From this vantage point, all in the organization should understand many (if not most of the) outcomes of their activities beyond short-term goals. For example, if an organization wants to develop a retraining program, the outcome might sound like “ we just want to retain our people. “ It is not. This is output. The outcomes of retraining point to reallocations of work for enhanced economic value. It is often a reallocation of resources. And more often for leadership, retraining programs offers a soft landing when having to make hard decisions about who to keep/remove and where to pivot your product. So knowing the destination outcomes (profitability, usability, accessibility, etc.) are key for all, even if they may not be around to see or control future activities.
In the agile software methodology, there is a framing of tasks expressed in the format of:
As a result of (blank), the user will be able to (blank), so that they can (blank)
This framing keeps developers in mind of the entire scope of the product or feature, while focusing project managers and other stakeholders - who bend into reactive postures - at what’s immediately in front them (that is, the outputs). By keeping the longer-term vision in front of the ask, teams are less likely to be disabled by the question of “ as a result of doing this action, what’s going to happen? “
With this focus, the team or organization grabs the attention of those who will be most impacted by implementing the product or feature. Producers can then earnestly carry that vision through the ups and downs of implementing those outputs. After implementing the feature or product, the outcome will be a clear lens as to the state of what was created. Here, the united voices of outputs and outcomes should elevate items from “a job to be done” to “here’s what we added to…”

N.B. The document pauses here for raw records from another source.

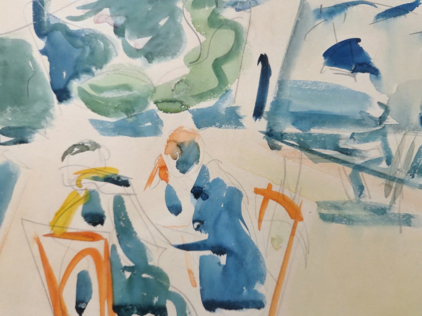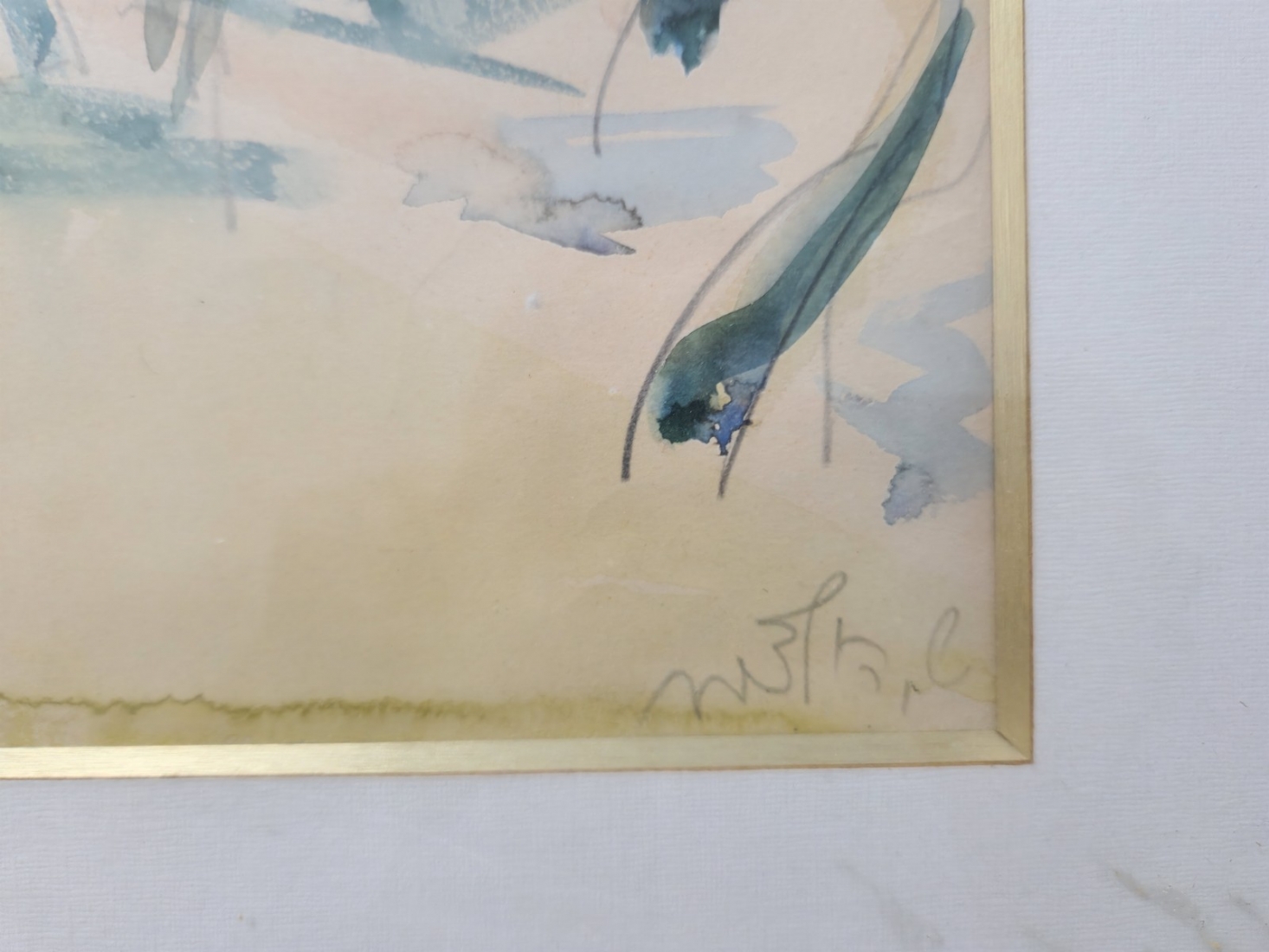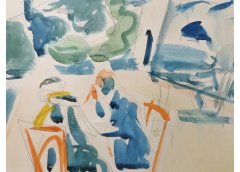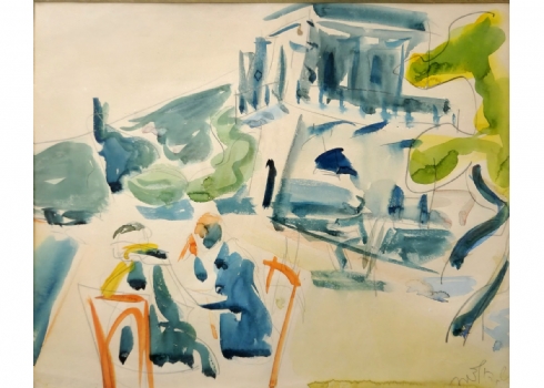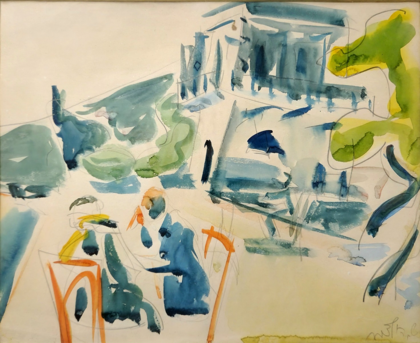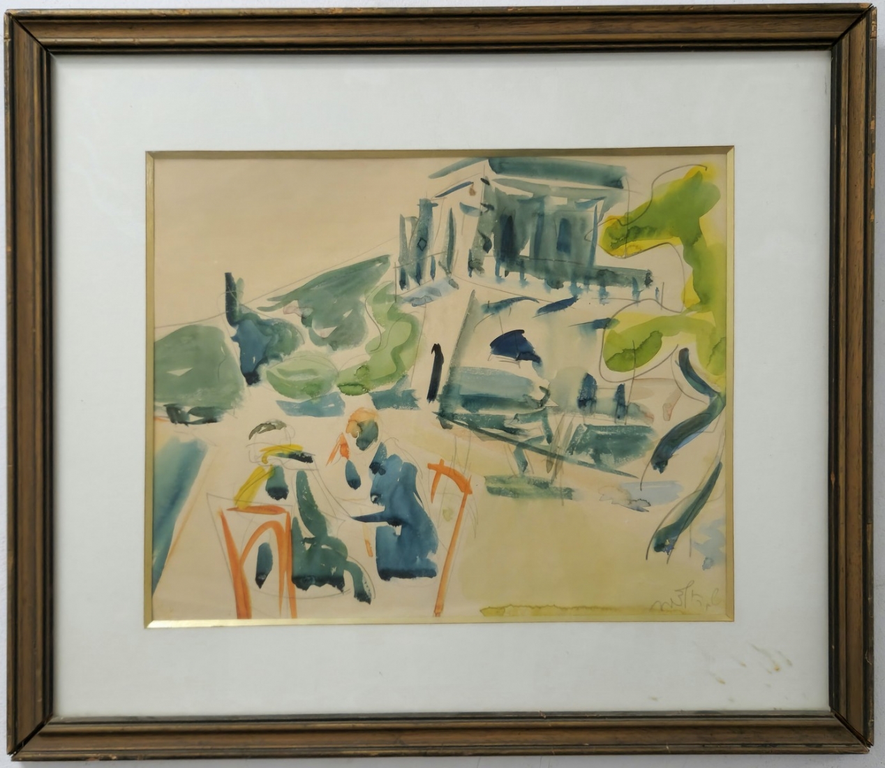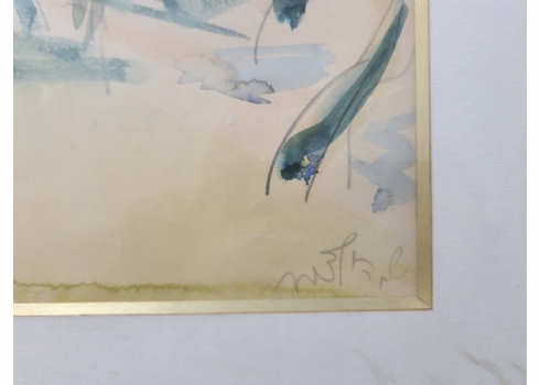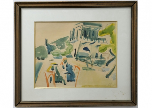 שמשון הולצמן (1907-1986) - רישום עיפרון ואקוורל על נייר, חתום
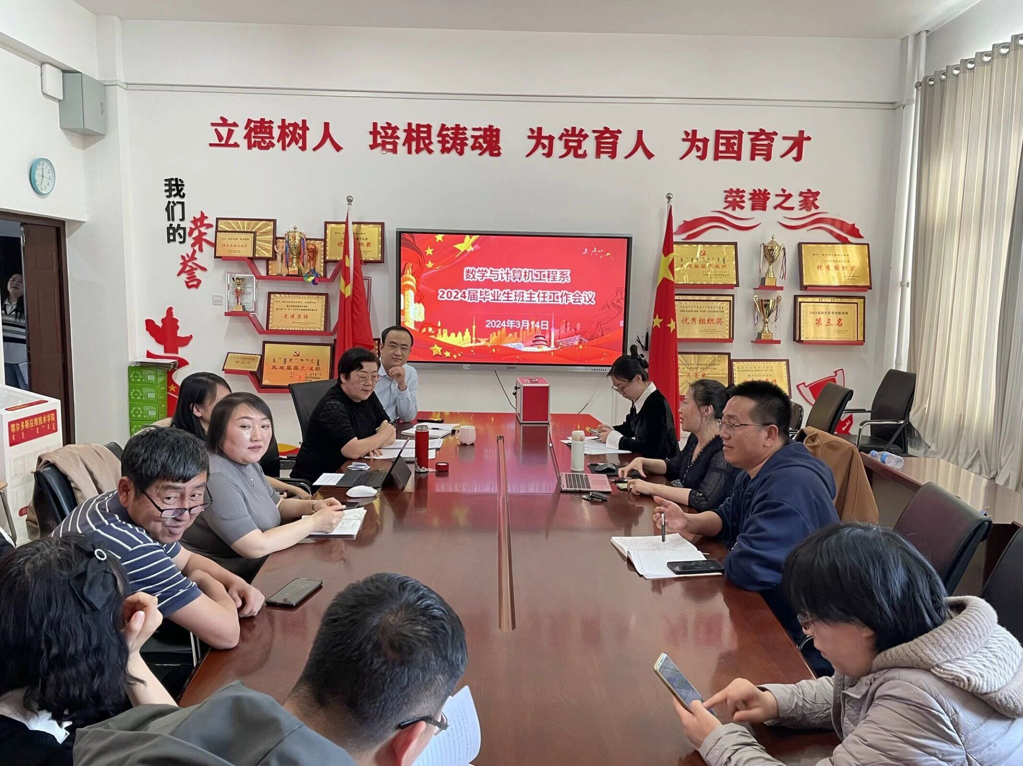 2024年3月14日,数学与计算机工程系召开2024届毕业班班主任工作会暨就业推进会,会议由党总支书记孙玉琴主持,党总支副书记萨如娜在会上就毕业生返校及就业工作做了部署,全体2024届毕业班班主任参加了会议。
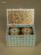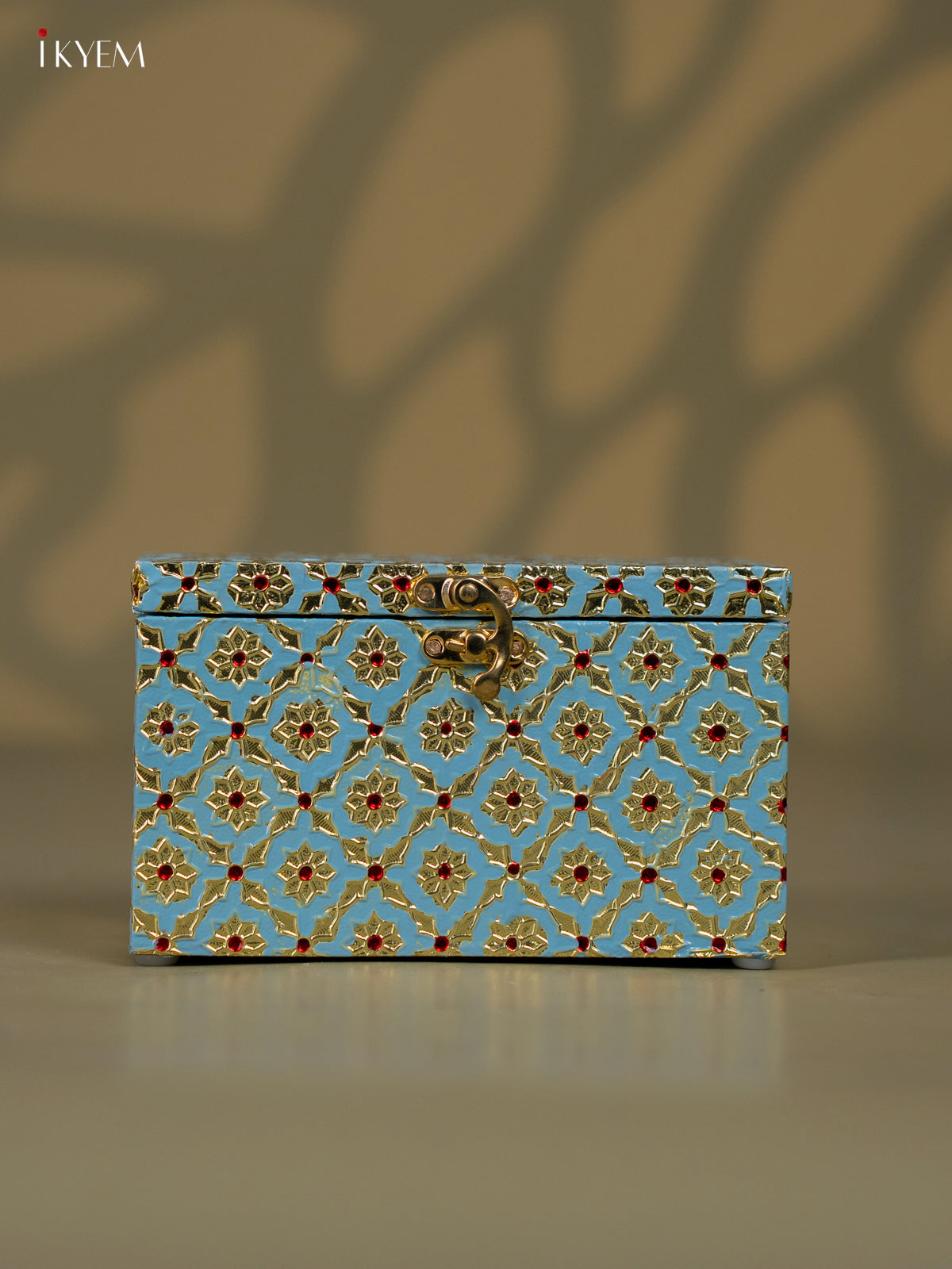 - Crafted with intricate Meenakari artistry and a sturdy wooden box finished in elegant blue, this box combines beauty with functionality.

If this voice is missing or not in harmony, the team and org are disabled. And many orgs don’t understand how many structures within and without are setup to cultivate disability, rather than re-engineer complexity into harmonious outcomes. An inability for non-leadership to clearly communicate outcomes, or measure contributing to them, is a disability found in those conversations. From there, Avancee looks to co-produce a better story for orgs, through coaching and consulting the shape of design which fits their specific outcomes.